Seventy-seven days dry. Mom made her rhubarb pie — the first of the year, the rhubarb coming up in the garden bed, the season's first pie. It tasted like spring and kept it.

Mom’s rhubarb pie was the first of the year — rhubarb up in the garden bed, the season finally delivering on something it had been promising for weeks — and it landed exactly right after a stretch that had asked a lot of all of us. There’s something about the first fruit dessert of spring that feels less like a recipe and more like a signal. This strawberry torte gives me that same feeling: simple enough to make on a tired evening, bright enough to remind you the calendar is turning, and exactly the kind of thing you bring to a table that has earned a little sweetness.

Strawberry Torte

Prep Time: 20 min | Cook Time: 35 min | Total Time: 55 min | Servings: 8

Ingredients

  • 1 cup all-purpose flour
  • 1 teaspoon baking powder
  • 1/4 teaspoon salt
  • 1/2 cup (1 stick) unsalted butter, softened
  • 3/4 cup granulated sugar, divided
  • 2 large eggs
  • 1 teaspoon pure vanilla extract
  • 1 pound fresh strawberries, hulled and halved
  • 1 tablespoon fresh lemon juice
  • 1 teaspoon cinnamon
  • 1 tablespoon turbinado or coarse sugar, for topping

Instructions

  1. Preheat and prepare.
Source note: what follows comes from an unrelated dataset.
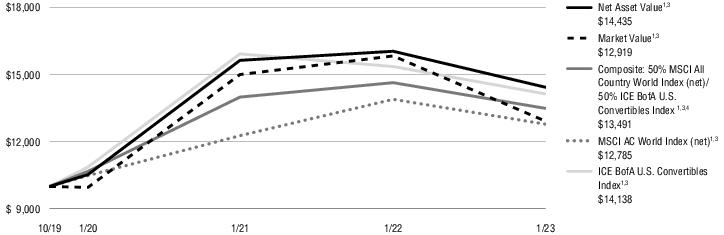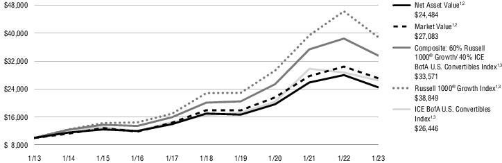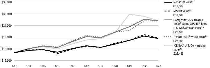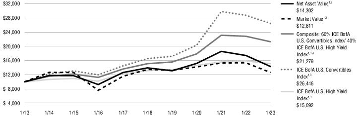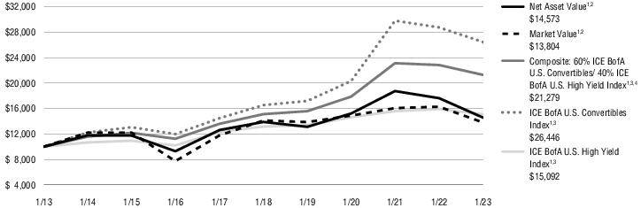 1过去的业绩并不代表未来的结果。目前的业绩可能低于或高于历史时期的业绩。2总市值回报率的计算假设在报告的每一期的第一天开盘时买入普通股,在最后一天收盘时卖出。为此计算的目的,假定股息和分配将按照基金自动再投资和现金购买计划获得的价格进行再投资。市场价值的总回报不会在不到一年的时间内按年计算。股东可能支付的经纪佣金没有反映出来。总市值回报率不反映股东可能为基金分配或出售基金份额所支付的税款的扣除。净资产价值总回报率使用相同的方法,但使用净资产价值作为期初和期末价值。3该指数没有管理,不能用于直接投资;因此,其业绩没有反映与积极管理实际投资组合有关的费用。有关指数和某些关键投资术语的信息,请参阅从第19页开始的关键投资术语。14 EQUITY & CONVERTIBLE INCOME FUND(NIE)MANAGER’S DISCUSSION OF FUND PERFORMANCE(Unaudited)January 31,2023 About the Fund:Equity & Convertible Income Fund(NYSE:NIE)(the“Fund”)的投资目标是寻求由资本增值、当期收入和收益组成的总回报。不能保证基金将实现其投资目标。哪些因素影响了基金在财年的表现?*截至2023年1月31日的财年,基金的资产净值(NAV)回报率为-12.54 %,市场价格回报率为-10.96 %。同期,基金的综合基准,包括60%的罗素1000指数®增长指数(代表股票)和40%的洲际银行美国可转换债券指数(代表可转换证券)的回报率为-12.69 %。基础指数的股票回报率为-16.02 %,可转换证券的回报率为-7.96 %。基金在截至2023年1月31日的12个月内实现了高水平的月收入。就业绩而言,这是一个充满挑战的时期,因为基金参与了风险资产的广泛抛售。对可转换证券的配置并没有提供多少下行保护。许多持股影响了2022年的业绩。对需求放缓和成本上升的担忧,在一定程度上导致了电动汽车制造、电子商务和消费电子产品的疲软。广告预算问题拖累了互联网服务和社交媒体曝光率。由于宏观经济风险,软件和半导体头寸的表现也不佳。积极的个人贡献者包括受益于原油价格上涨和流动性增加的能源相关公司。勘探与生产和油田服务持有量对业绩有显著影响,清洁能源敞口也是如此。防御性的医疗保健类股票,包括一家制药公司,是另一个强劲的来源。此外,许多书面期权头寸到期时的价格低于执行价格,养恤基金得以保留设定的溢价。*请参阅第2页,了解经理对市场表现的讨论。前面的信息是投资组合管理部门的意见,仅限于报告期末,如封面所述。任何此类意见随时可能根据市场情况而改变,不应作为投资建议。基金的投资组合可能会发生变化,可能无法代表投资组合经理当前或未来的投资决策。提及基金持有的个别证券仅供参考,不应被解释为购买或出售任何证券的建议。投资者如欲就投资于所讨论的任何证券或投资策略的适当性寻求财务建议,应咨询其财务专业人士。有关指数和某些关键投资术语的信息,请参阅从第19页开始的关键投资术语。15 EQUITY & CONVERTIBLE INCOME FUND(NIE)MANAGER’S DISCUSION OF FUND PERFORMANCE(Unaudited)(Continued)January 31,2023 Average Annual Total Returns1截至23年1月31日止期间1年5年10年资产净值1,2-12.54 % 7.60% 9.37%市值1,2-10.96 % 8.60% 10.48%综合:60%罗素1000®增长/40% ICE BofA U.S. Convertibles1,3-12.69 % 10.80% 12.87%罗素1000®增长指数1,3-16.02 % 11.22% 14.53% ICE BofA U.S. Convertibles Index1,3-7.96 % 9.85% 10.21%所有回报均代表过往表现,对未来业绩不作保证。当前性能可能高于或低于所显示的性能。请访问Virtus.com,获取截至最近一个月末的性能数据。1/31终了期间增加10000美元这张图显示了所示年份内基金假定投资10000美元的价值变化。为了进行比较,同样的投资也显示在所示的指数中。

Heat oven to 350°F. Grease a 9-inch springform pan or round cake pan and line the bottom with parchment paper.
  2. Make the batter. In a medium bowl, whisk together flour, baking powder, and salt. In a large bowl, beat butter and 1/2 cup of the granulated sugar together until light and fluffy, about 3 minutes. Add eggs one at a time, beating after each addition, then mix in vanilla.
  3. Combine. Add the flour mixture to the butter mixture and stir until just combined — the batter will be thick. Spread evenly into the prepared pan.
  4. Prepare the strawberries. Toss halved strawberries with the remaining 1/4 cup sugar, lemon juice, and cinnamon. Arrange the strawberries cut-side down over the top of the batter in a single layer, pressing them in gently.
  5. Top and bake. Sprinkle the turbinado sugar evenly over the strawberries. Bake for 30 to 35 minutes, until the edges are golden and a toothpick inserted into the center of the cake portion comes out clean.
  6. Cool and serve. Let the torte cool in the pan for 15 minutes before releasing the springform sides or running a knife around the edge. Serve warm or at room temperature, plain or with a dollop of whipped cream.

Nutrition (per serving)

Calories: 285 | Protein: 3g | Fat: 13g | Carbs: 40g | Fiber: 2g | Sodium: 130mg

Ryan Gallagher
About the cook who shared this
Ryan Gallagher
Week 105 of Ryan’s 30-year story · Billings, Montana
Ryan is a thirty-one-year-old Army veteran and ranch hand in Billings, Montana, who cooks over open fire because microwaves feel dishonest and because the quiet of a campfire is the only therapy that works for him consistently. He hunts his own elk, catches his own trout, and makes a camp stew that tastes like the mountains smell. He doesn't talk much. But his food says everything.